→ **Extracted information**:

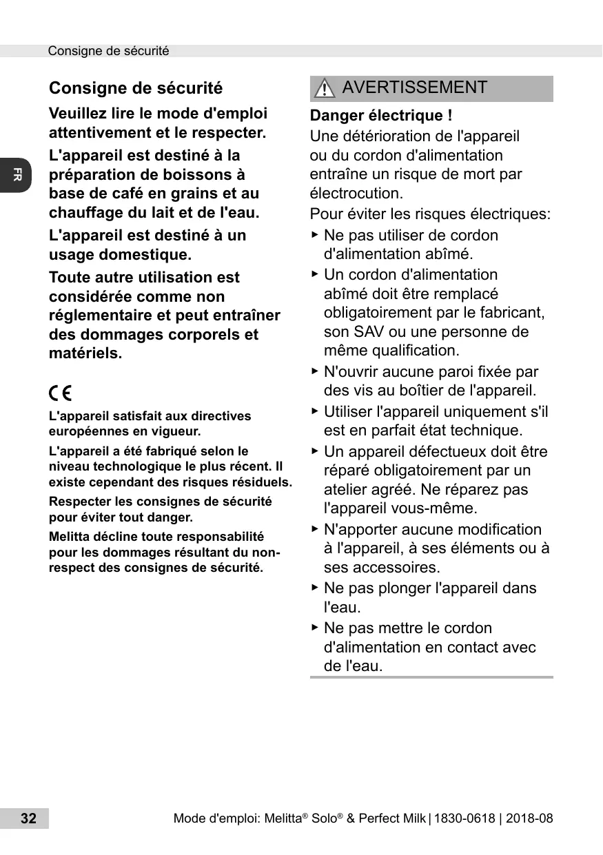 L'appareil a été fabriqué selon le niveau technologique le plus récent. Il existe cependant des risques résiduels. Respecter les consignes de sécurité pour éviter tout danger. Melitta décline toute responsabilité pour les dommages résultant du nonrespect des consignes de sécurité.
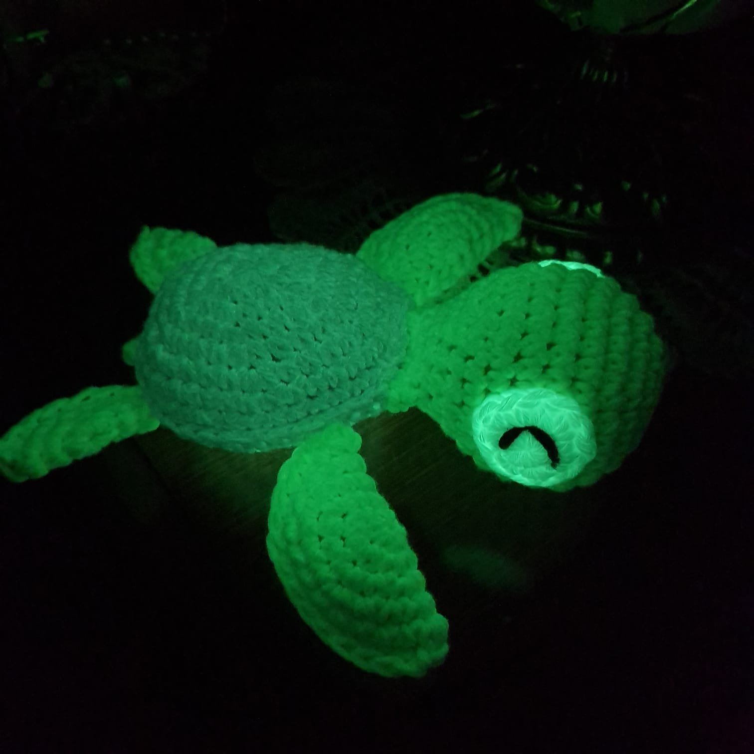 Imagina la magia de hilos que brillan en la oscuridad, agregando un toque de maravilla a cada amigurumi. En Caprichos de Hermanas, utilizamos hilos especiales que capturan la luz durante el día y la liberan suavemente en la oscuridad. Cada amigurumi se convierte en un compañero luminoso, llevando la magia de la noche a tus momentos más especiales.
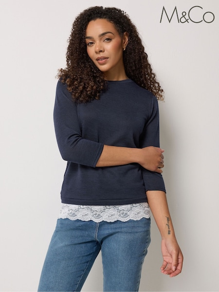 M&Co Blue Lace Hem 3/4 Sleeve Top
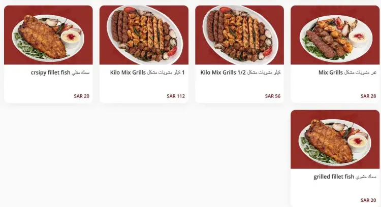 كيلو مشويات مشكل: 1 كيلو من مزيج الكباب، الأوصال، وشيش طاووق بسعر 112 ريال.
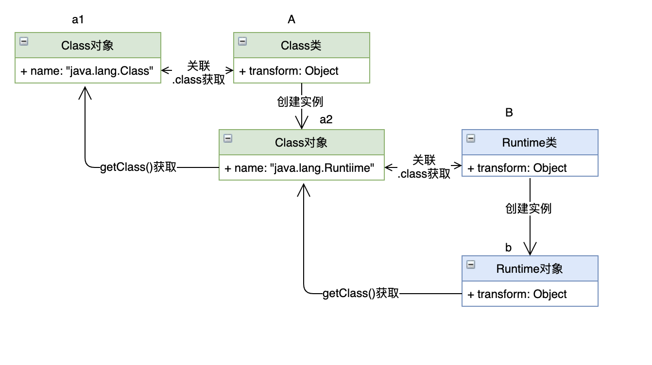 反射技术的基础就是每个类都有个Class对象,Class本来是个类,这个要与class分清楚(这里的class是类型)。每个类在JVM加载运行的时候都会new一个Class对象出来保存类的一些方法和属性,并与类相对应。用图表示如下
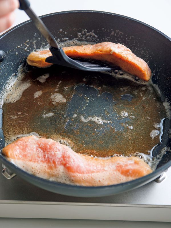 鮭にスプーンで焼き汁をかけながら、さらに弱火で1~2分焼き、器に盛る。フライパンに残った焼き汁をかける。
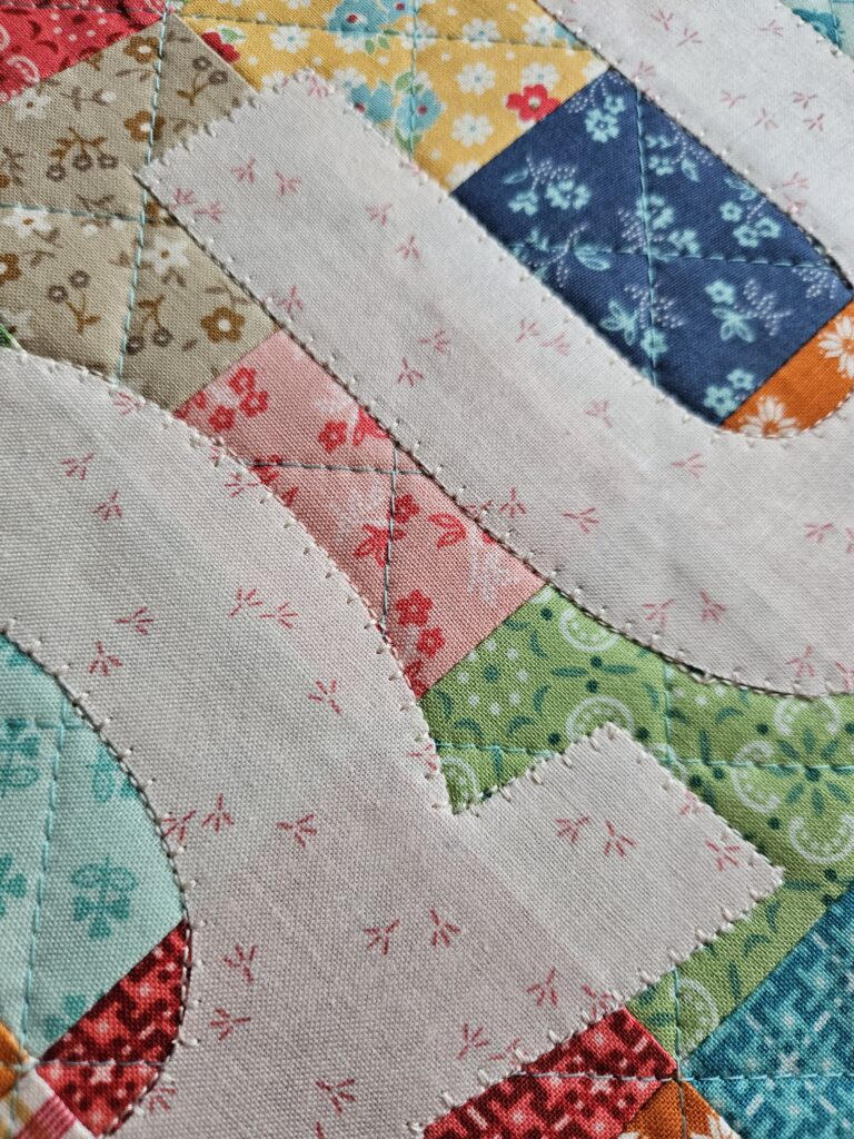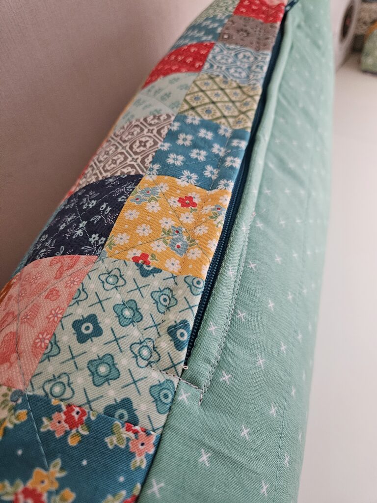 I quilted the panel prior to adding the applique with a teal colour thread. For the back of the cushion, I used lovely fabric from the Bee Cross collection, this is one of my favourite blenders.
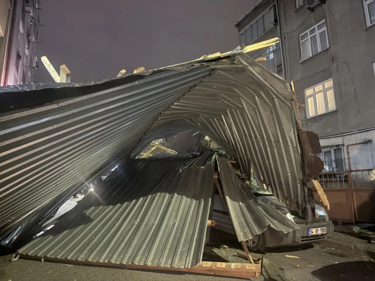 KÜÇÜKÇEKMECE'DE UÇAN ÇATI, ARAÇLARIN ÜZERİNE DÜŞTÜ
* * *
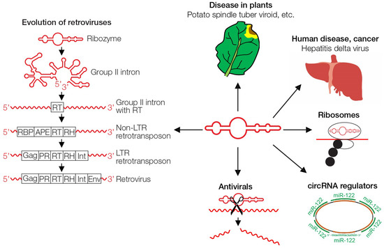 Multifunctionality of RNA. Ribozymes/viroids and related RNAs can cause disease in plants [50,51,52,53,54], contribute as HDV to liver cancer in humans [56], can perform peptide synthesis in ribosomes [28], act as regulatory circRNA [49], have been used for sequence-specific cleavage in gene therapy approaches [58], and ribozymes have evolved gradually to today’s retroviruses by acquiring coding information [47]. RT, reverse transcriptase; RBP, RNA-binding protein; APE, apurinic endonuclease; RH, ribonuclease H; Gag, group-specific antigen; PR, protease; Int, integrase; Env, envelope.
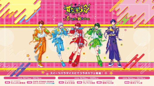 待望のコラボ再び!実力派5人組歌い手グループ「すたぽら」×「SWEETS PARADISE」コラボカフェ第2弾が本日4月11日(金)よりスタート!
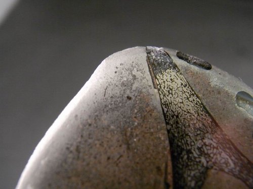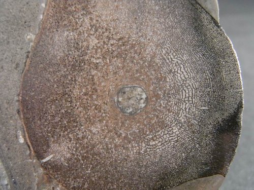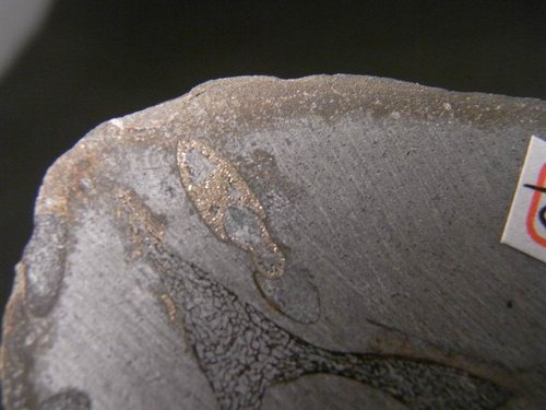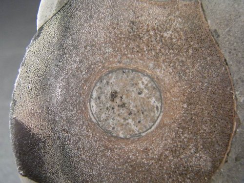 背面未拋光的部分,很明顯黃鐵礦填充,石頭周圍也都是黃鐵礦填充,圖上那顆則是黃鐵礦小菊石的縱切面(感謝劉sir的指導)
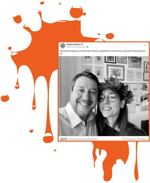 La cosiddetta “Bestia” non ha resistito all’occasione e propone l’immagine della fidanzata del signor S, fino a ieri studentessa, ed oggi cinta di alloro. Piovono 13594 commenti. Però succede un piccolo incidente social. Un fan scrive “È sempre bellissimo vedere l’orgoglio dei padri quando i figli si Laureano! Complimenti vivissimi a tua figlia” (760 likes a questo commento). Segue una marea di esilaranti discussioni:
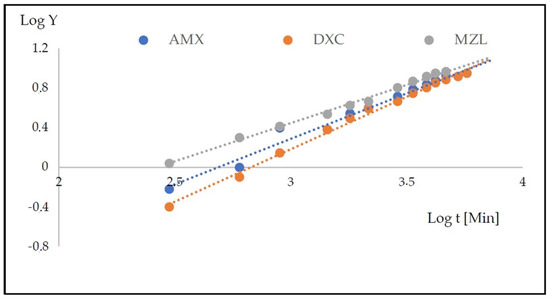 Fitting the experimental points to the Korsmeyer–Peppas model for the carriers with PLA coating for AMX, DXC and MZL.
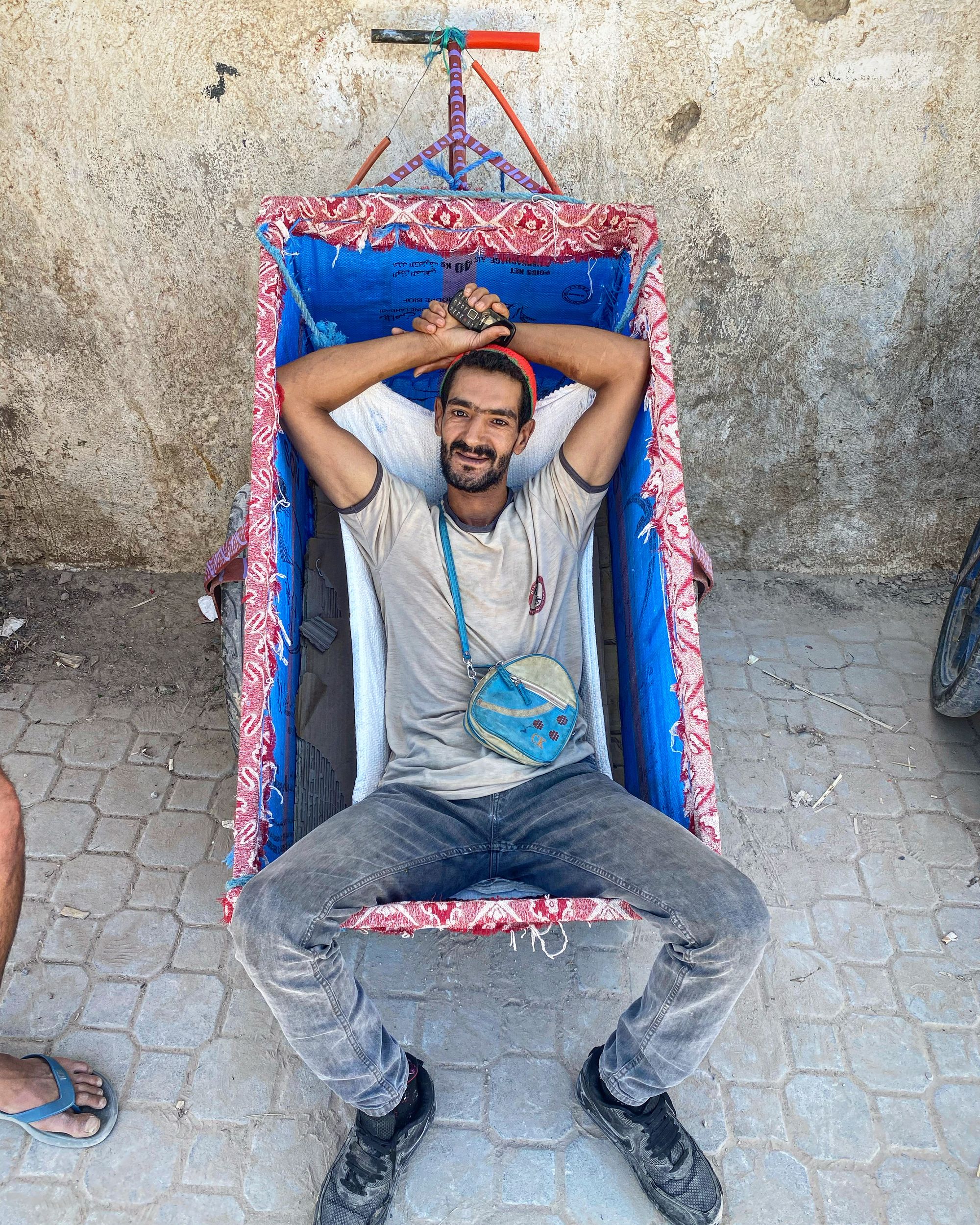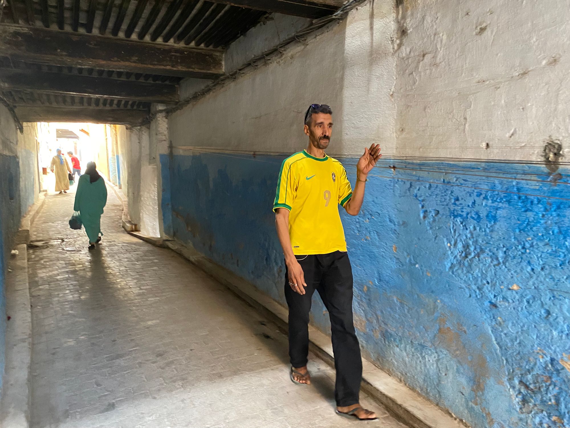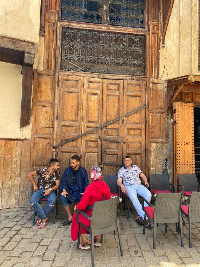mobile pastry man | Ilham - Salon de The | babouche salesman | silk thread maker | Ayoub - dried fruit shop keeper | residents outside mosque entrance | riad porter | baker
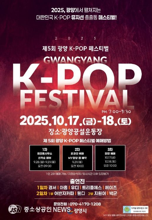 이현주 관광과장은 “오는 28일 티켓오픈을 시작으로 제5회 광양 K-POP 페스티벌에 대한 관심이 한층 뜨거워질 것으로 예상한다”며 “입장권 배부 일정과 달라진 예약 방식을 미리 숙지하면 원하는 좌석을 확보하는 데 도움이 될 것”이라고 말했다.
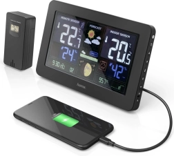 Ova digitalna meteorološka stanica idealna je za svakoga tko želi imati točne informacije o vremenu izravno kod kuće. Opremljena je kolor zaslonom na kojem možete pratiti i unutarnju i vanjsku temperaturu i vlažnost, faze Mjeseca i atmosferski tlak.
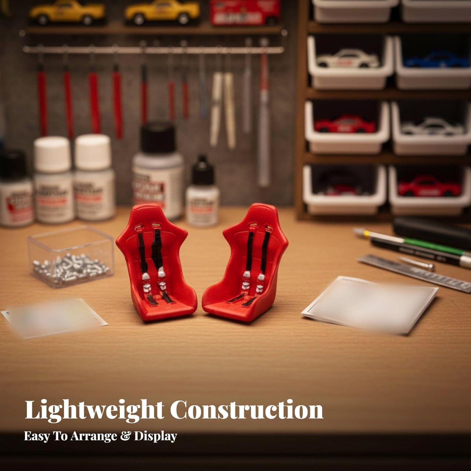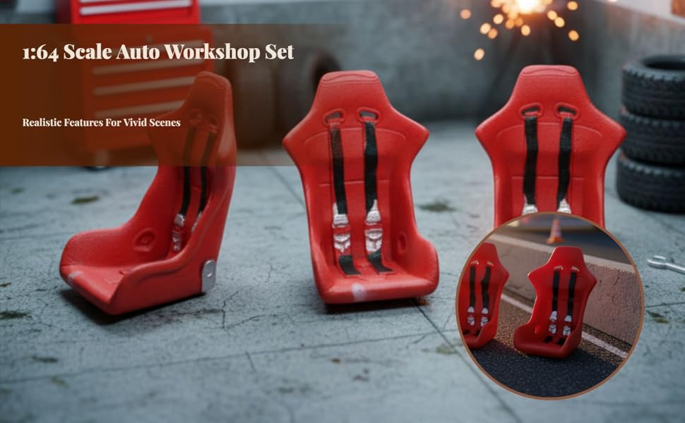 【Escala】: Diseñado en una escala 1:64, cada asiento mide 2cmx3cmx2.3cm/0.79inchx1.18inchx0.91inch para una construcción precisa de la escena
==
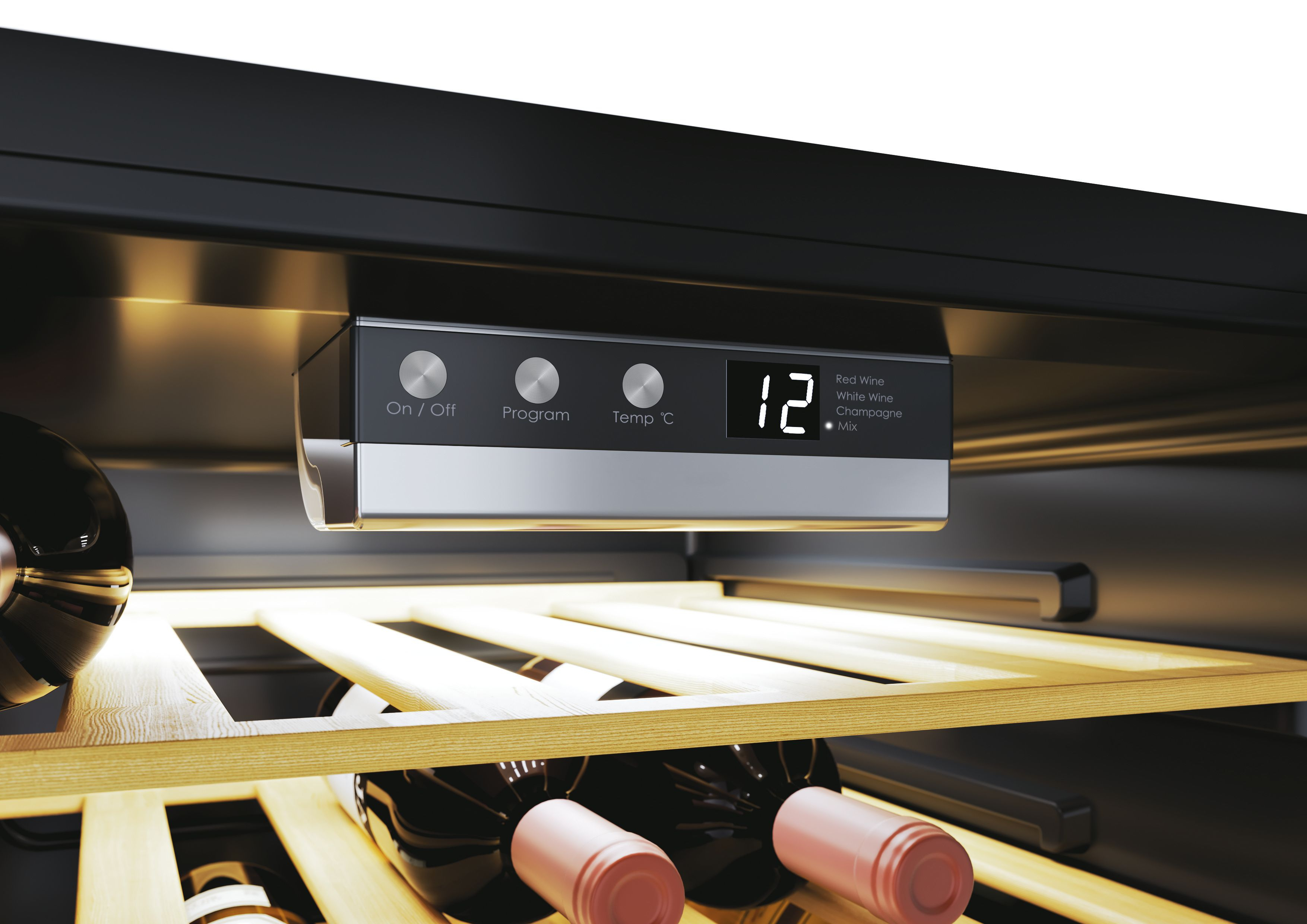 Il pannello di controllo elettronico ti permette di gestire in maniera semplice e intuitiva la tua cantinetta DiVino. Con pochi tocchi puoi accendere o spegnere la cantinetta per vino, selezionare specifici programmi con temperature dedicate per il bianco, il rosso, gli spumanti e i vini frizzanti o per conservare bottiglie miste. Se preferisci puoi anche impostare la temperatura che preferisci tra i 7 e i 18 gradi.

→ **Work order**:
Leaving each picture behind, please give again exactly the lines above from the one with "mobile pastry man" through the one with "de la escena", both included, and no others.

→ **Response**:
mobile pastry man | Ilham - Salon de The | babouche salesman | silk thread maker | Ayoub - dried fruit shop keeper | residents outside mosque entrance | riad porter | baker
 이현주 관광과장은 “오는 28일 티켓오픈을 시작으로 제5회 광양 K-POP 페스티벌에 대한 관심이 한층 뜨거워질 것으로 예상한다”며 “입장권 배부 일정과 달라진 예약 방식을 미리 숙지하면 원하는 좌석을 확보하는 데 도움이 될 것”이라고 말했다.
 Ova digitalna meteorološka stanica idealna je za svakoga tko želi imati točne informacije o vremenu izravno kod kuće. Opremljena je kolor zaslonom na kojem možete pratiti i unutarnju i vanjsku temperaturu i vlažnost, faze Mjeseca i atmosferski tlak.
 【Escala】: Diseñado en una escala 1:64, cada asiento mide 2cmx3cmx2.3cm/0.79inchx1.18inchx0.91inch para una construcción precisa de la escena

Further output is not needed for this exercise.